* **WORK ITEM**: Transcribe exactly, please, the line bearing "细心的读者可以看到,这就是可" and all later lines through the end of the records, with the pictures left out.

[Stored data]
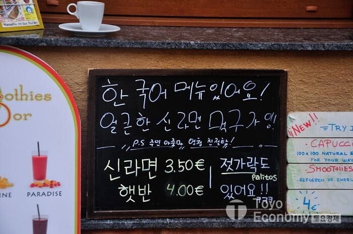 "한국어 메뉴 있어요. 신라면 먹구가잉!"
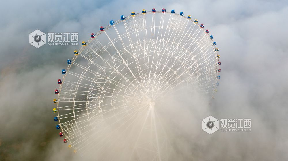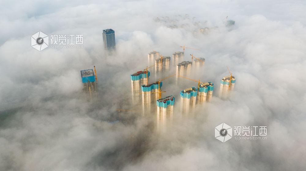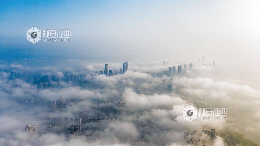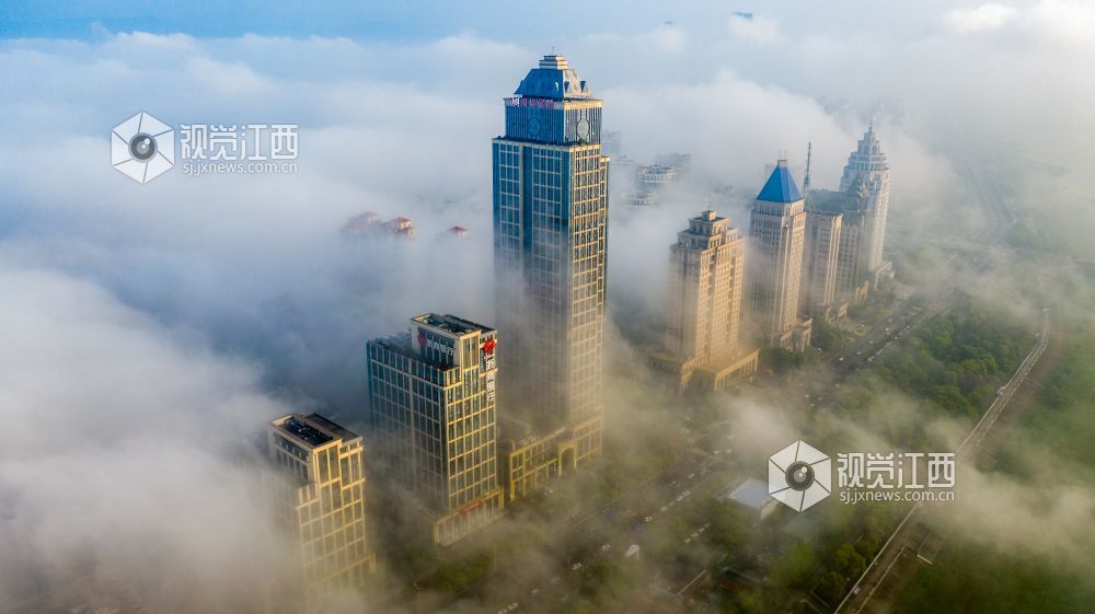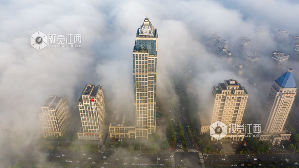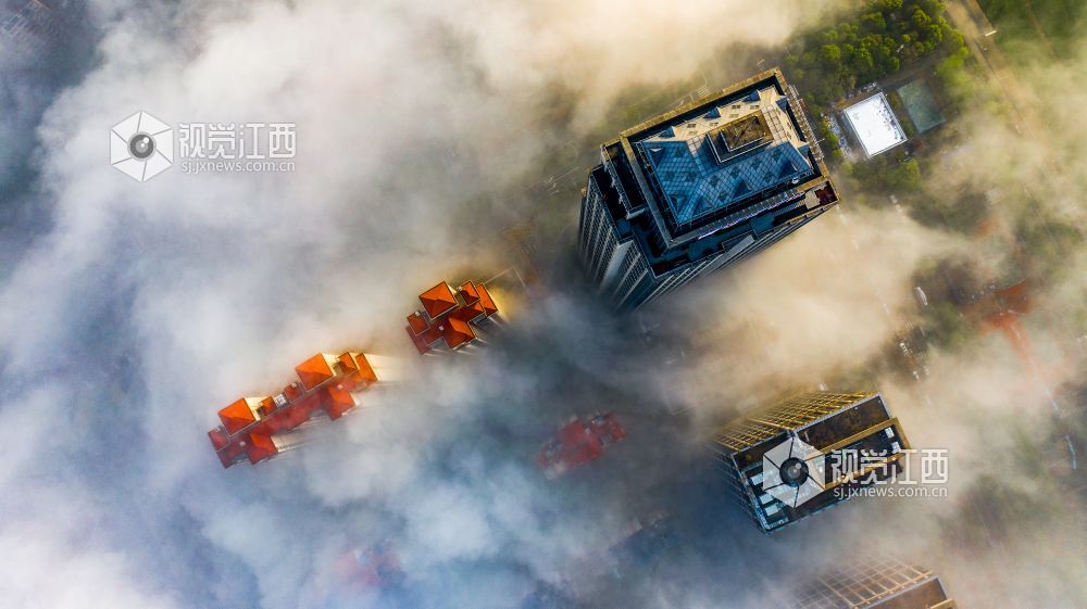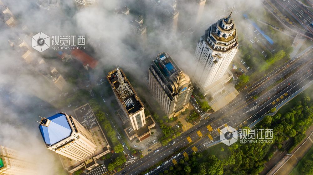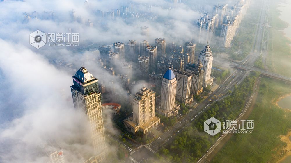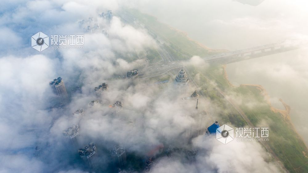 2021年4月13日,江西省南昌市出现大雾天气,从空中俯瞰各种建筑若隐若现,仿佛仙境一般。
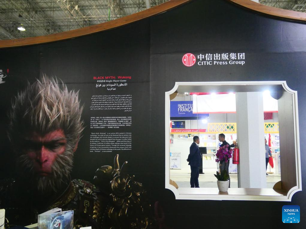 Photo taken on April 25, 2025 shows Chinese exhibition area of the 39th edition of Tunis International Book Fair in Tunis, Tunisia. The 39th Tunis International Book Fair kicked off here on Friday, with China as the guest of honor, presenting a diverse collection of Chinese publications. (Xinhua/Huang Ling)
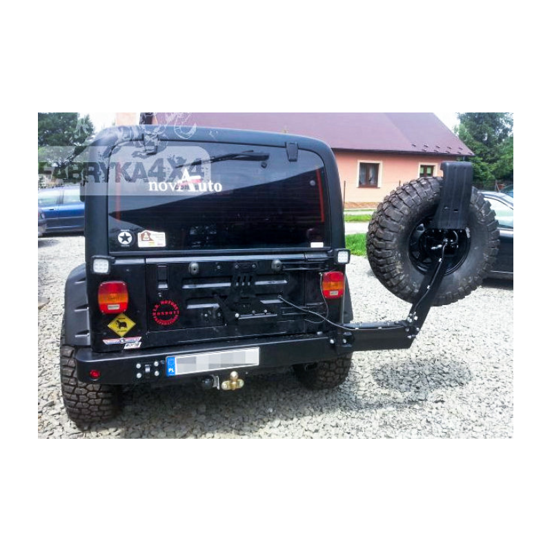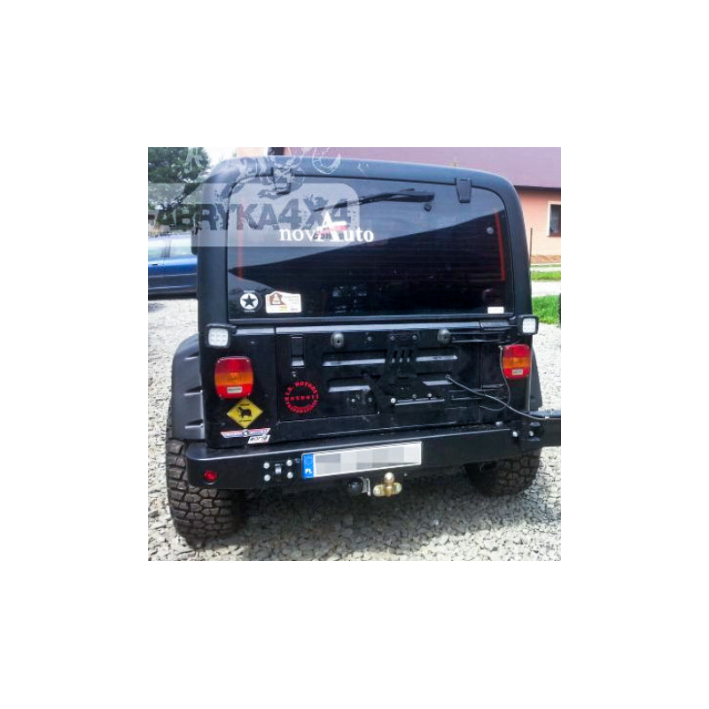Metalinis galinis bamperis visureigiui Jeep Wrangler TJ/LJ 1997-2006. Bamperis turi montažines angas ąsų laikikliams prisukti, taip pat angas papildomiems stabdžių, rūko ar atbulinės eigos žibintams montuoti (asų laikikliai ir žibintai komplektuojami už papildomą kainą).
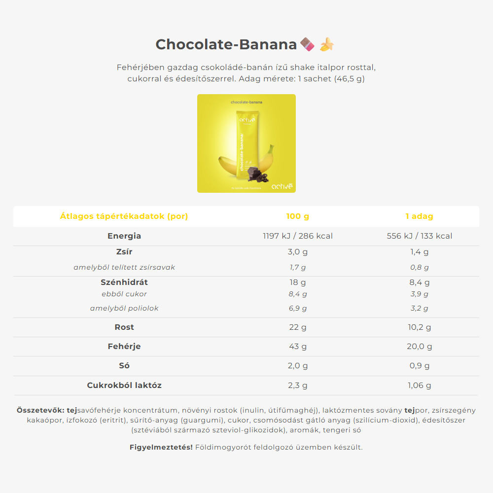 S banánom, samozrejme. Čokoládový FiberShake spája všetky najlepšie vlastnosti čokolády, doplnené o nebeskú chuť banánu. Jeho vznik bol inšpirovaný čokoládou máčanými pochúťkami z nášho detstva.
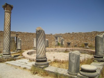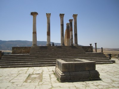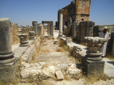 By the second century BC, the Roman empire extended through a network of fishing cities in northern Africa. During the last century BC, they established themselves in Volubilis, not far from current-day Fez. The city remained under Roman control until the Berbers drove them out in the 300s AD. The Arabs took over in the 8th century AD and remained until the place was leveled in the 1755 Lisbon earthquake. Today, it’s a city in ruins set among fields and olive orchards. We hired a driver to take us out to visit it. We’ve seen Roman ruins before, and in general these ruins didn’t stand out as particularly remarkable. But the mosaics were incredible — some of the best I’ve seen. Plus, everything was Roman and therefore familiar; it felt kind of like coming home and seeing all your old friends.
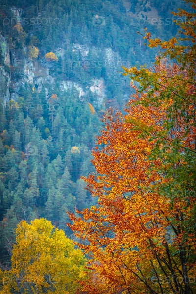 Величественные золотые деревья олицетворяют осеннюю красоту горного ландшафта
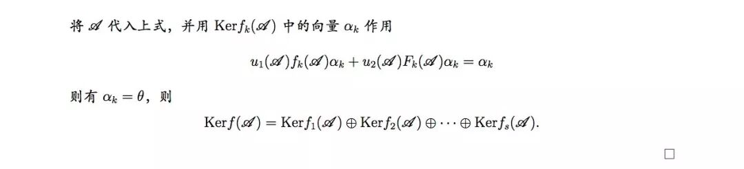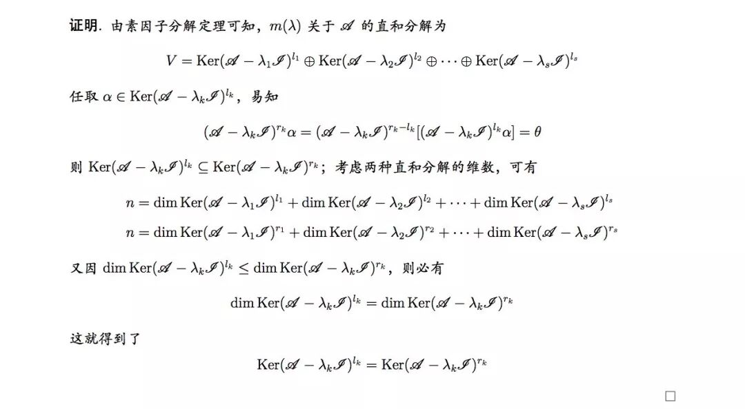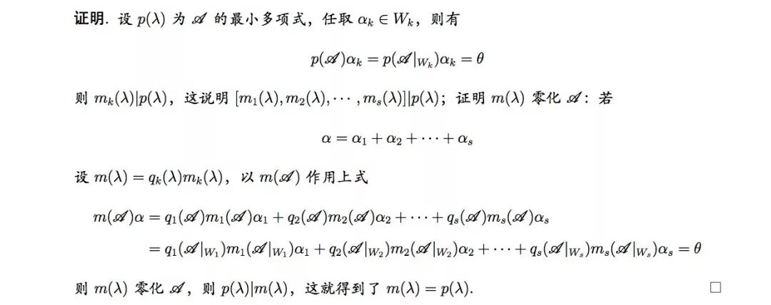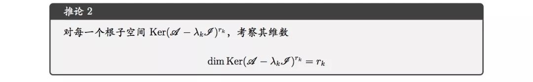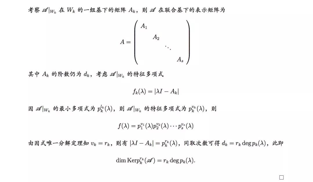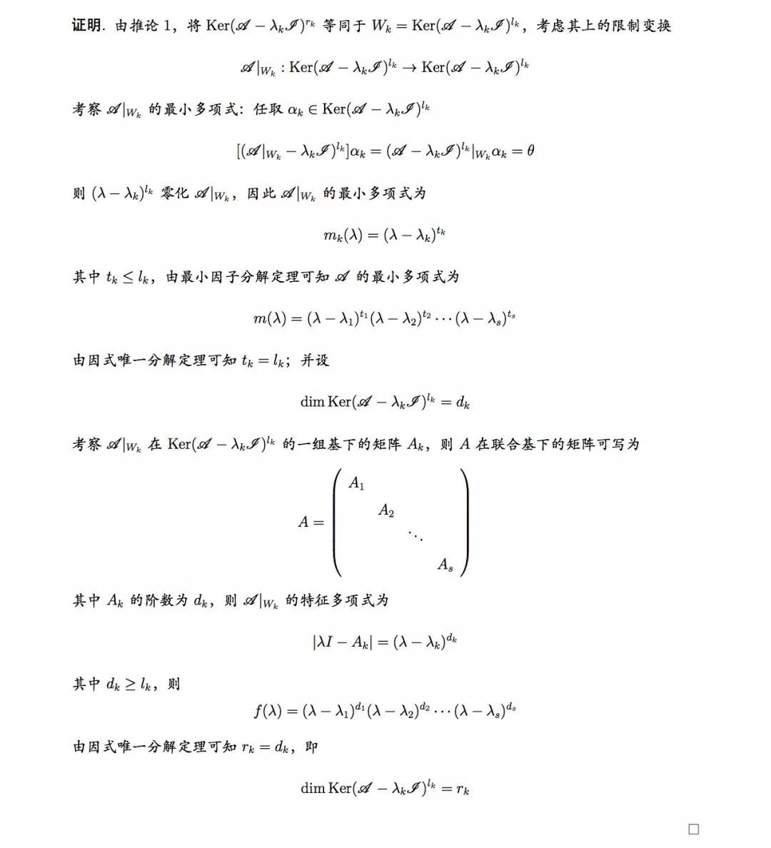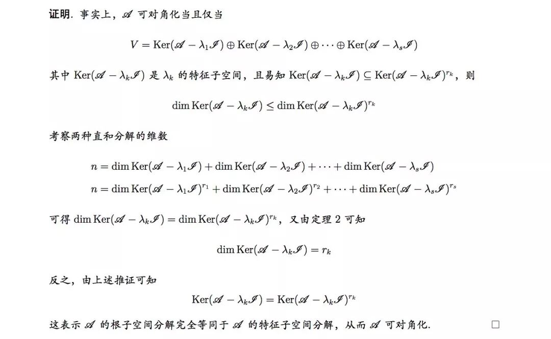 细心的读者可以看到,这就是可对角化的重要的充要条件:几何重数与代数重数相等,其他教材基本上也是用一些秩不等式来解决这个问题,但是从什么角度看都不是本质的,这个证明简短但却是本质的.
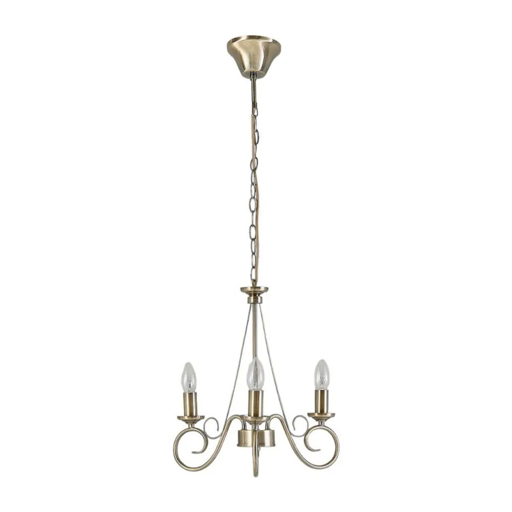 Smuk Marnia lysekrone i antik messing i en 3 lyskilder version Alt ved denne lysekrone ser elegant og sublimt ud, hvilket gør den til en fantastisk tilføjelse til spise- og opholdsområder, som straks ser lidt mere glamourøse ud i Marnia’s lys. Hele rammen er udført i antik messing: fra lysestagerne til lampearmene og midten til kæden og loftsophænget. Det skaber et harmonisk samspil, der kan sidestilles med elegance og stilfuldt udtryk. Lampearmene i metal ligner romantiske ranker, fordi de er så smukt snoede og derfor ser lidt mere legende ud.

* **WRITTEN ANSWER**:
 细心的读者可以看到,这就是可对角化的重要的充要条件:几何重数与代数重数相等,其他教材基本上也是用一些秩不等式来解决这个问题,但是从什么角度看都不是本质的,这个证明简短但却是本质的.
 Smuk Marnia lysekrone i antik messing i en 3 lyskilder version Alt ved denne lysekrone ser elegant og sublimt ud, hvilket gør den til en fantastisk tilføjelse til spise- og opholdsområder, som straks ser lidt mere glamourøse ud i Marnia’s lys. Hele rammen er udført i antik messing: fra lysestagerne til lampearmene og midten til kæden og loftsophænget. Det skaber et harmonisk samspil, der kan sidestilles med elegance og stilfuldt udtryk. Lampearmene i metal ligner romantiske ranker, fordi de er så smukt snoede og derfor ser lidt mere legende ud.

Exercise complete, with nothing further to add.